# What the exercise asks
Your answer should hold exactly the lines below from the line with "La mostra personale" through the line with "ANTIQUE CLOCK DOOR", both included, and no pictures at all.

# Given records
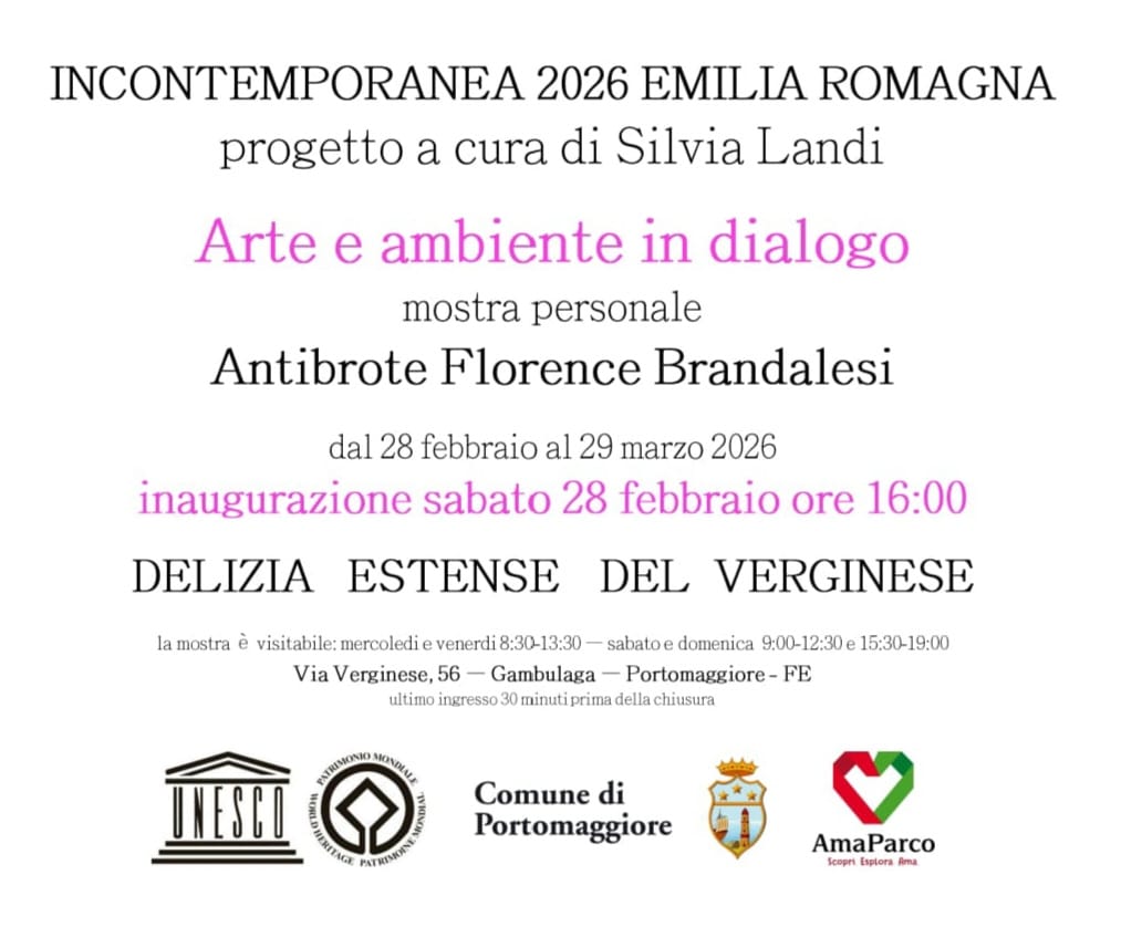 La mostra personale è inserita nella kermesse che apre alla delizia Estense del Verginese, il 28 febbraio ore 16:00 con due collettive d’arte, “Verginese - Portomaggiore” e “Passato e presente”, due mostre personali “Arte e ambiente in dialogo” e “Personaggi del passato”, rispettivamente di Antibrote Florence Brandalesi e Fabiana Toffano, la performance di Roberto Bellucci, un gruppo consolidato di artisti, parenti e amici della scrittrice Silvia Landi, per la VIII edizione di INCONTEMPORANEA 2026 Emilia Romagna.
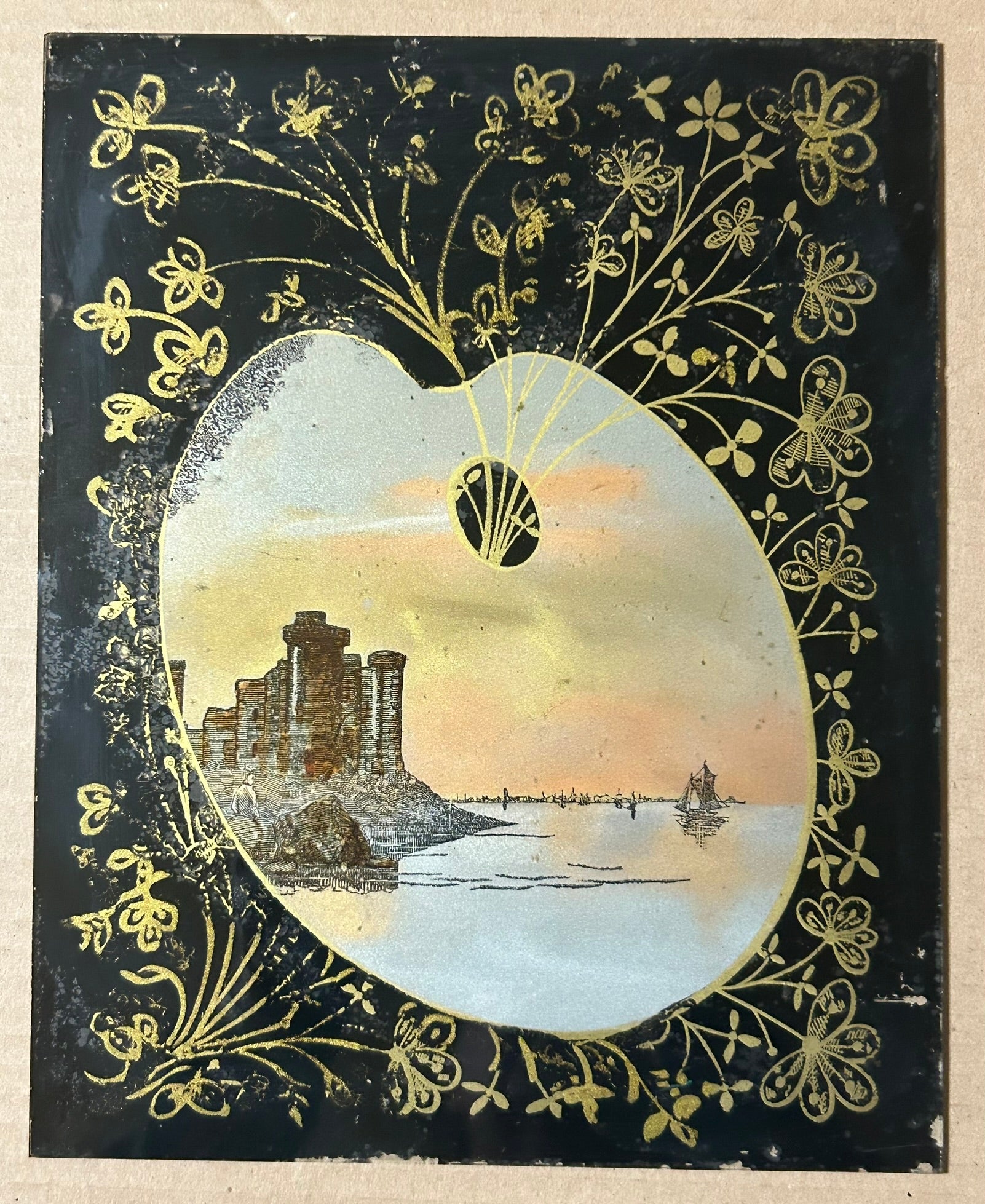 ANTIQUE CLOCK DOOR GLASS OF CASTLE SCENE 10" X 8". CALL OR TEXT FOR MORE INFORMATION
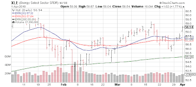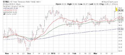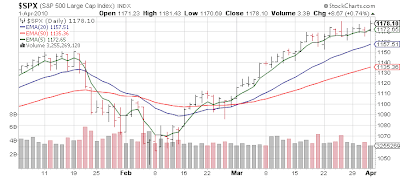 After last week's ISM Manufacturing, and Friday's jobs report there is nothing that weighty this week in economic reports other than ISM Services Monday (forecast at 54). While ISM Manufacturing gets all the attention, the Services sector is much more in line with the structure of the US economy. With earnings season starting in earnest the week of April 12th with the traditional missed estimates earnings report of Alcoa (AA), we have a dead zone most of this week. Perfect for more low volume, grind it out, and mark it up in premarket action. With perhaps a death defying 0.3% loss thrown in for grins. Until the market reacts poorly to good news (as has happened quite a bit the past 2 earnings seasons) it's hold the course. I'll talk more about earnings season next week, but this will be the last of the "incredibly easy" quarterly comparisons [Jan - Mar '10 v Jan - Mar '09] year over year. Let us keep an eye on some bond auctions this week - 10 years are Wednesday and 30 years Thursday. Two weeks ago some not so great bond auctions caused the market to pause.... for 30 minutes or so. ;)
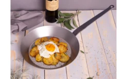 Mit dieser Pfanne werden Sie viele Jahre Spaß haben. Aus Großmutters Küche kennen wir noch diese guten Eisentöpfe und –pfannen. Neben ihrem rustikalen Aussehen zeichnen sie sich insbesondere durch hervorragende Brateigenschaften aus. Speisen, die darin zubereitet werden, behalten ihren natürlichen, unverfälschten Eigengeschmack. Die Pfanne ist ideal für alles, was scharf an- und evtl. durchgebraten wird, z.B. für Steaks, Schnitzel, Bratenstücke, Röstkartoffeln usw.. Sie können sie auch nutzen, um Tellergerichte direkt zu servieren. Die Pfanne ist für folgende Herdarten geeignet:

==

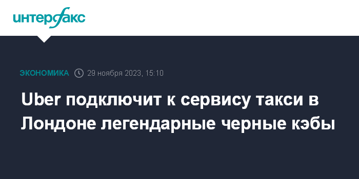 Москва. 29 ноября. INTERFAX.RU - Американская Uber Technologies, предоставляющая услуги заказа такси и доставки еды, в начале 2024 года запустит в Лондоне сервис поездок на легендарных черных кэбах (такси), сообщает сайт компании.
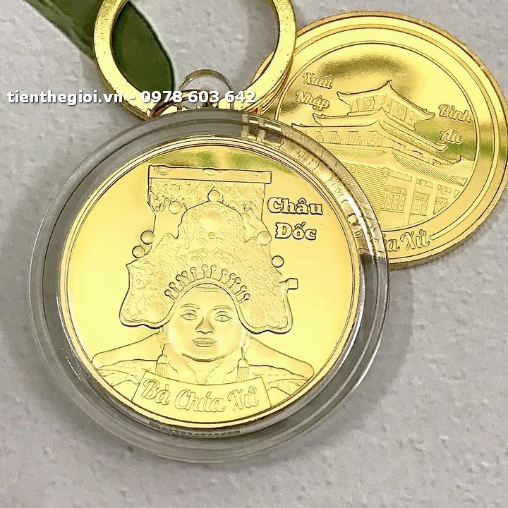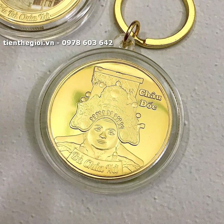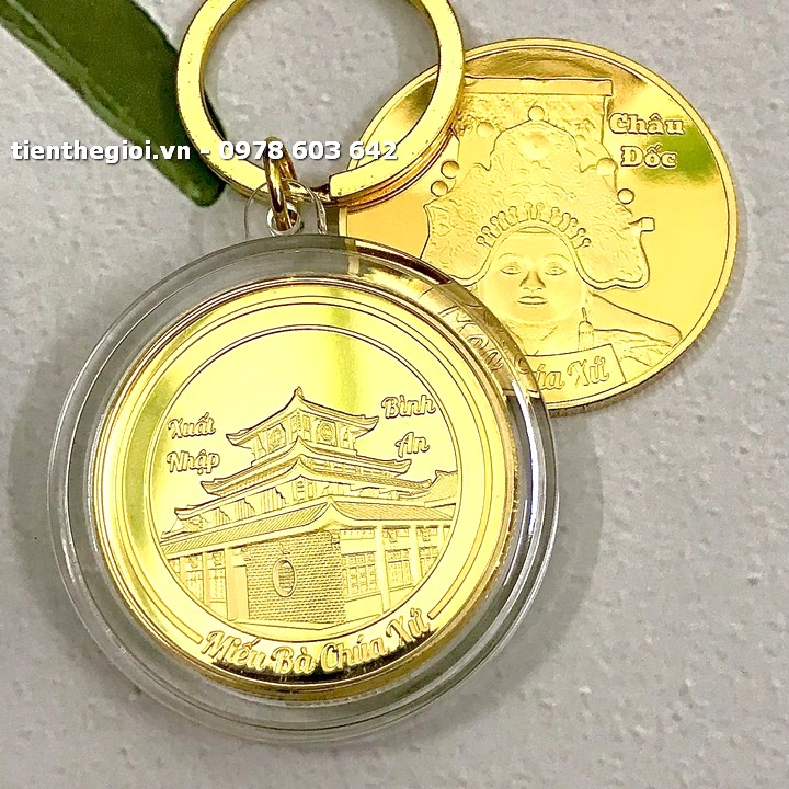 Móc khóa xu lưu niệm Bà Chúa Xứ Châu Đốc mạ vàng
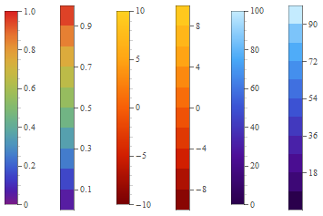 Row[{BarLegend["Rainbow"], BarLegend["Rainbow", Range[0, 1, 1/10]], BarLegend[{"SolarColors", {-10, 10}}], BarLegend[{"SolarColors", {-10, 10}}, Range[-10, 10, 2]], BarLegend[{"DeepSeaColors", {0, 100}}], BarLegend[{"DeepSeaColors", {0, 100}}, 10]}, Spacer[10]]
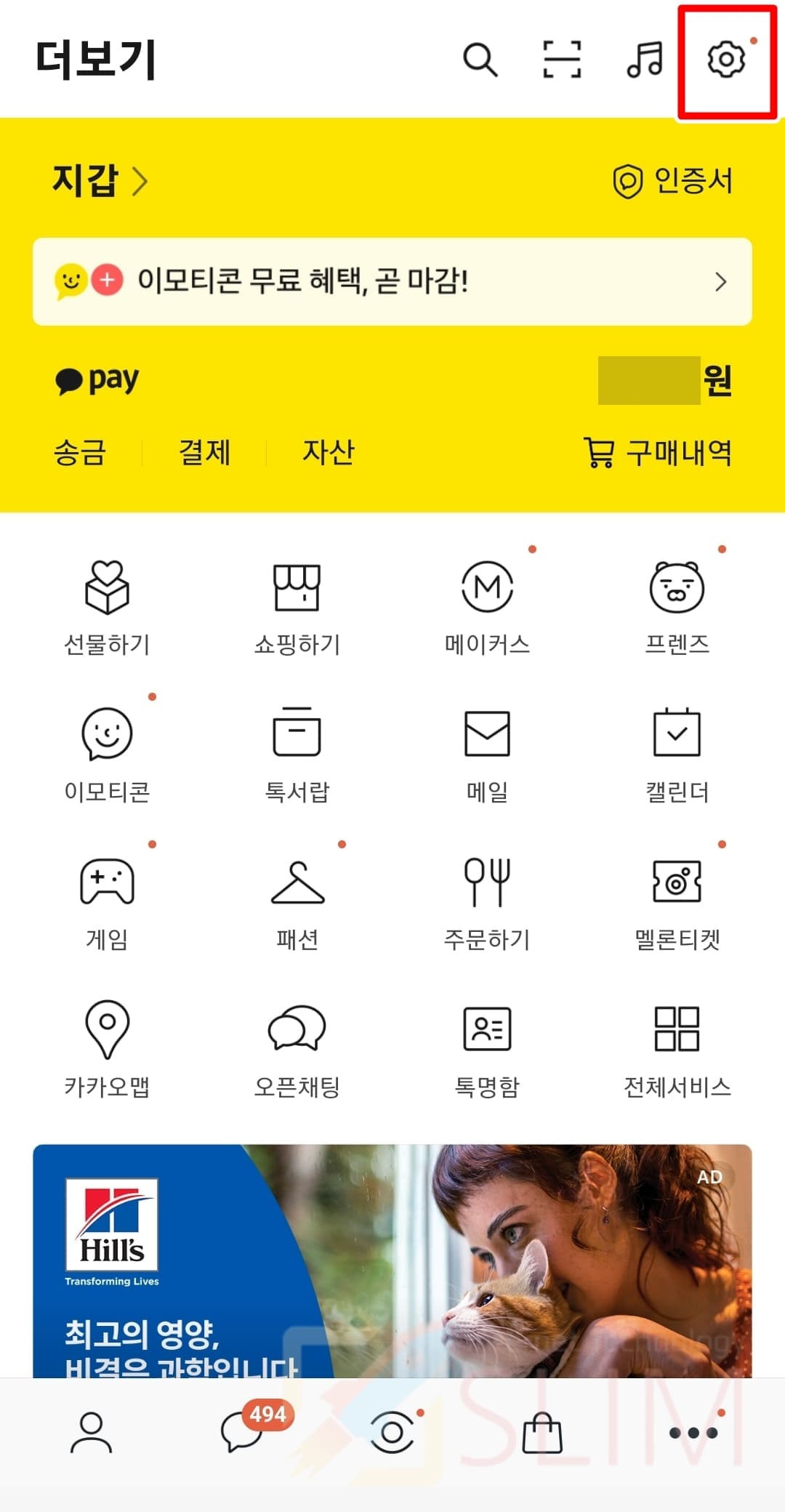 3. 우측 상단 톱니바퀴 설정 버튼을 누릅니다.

# Response box
 La mostra personale è inserita nella kermesse che apre alla delizia Estense del Verginese, il 28 febbraio ore 16:00 con due collettive d’arte, “Verginese - Portomaggiore” e “Passato e presente”, due mostre personali “Arte e ambiente in dialogo” e “Personaggi del passato”, rispettivamente di Antibrote Florence Brandalesi e Fabiana Toffano, la performance di Roberto Bellucci, un gruppo consolidato di artisti, parenti e amici della scrittrice Silvia Landi, per la VIII edizione di INCONTEMPORANEA 2026 Emilia Romagna.
 ANTIQUE CLOCK DOOR GLASS OF CASTLE SCENE 10" X 8". CALL OR TEXT FOR MORE INFORMATION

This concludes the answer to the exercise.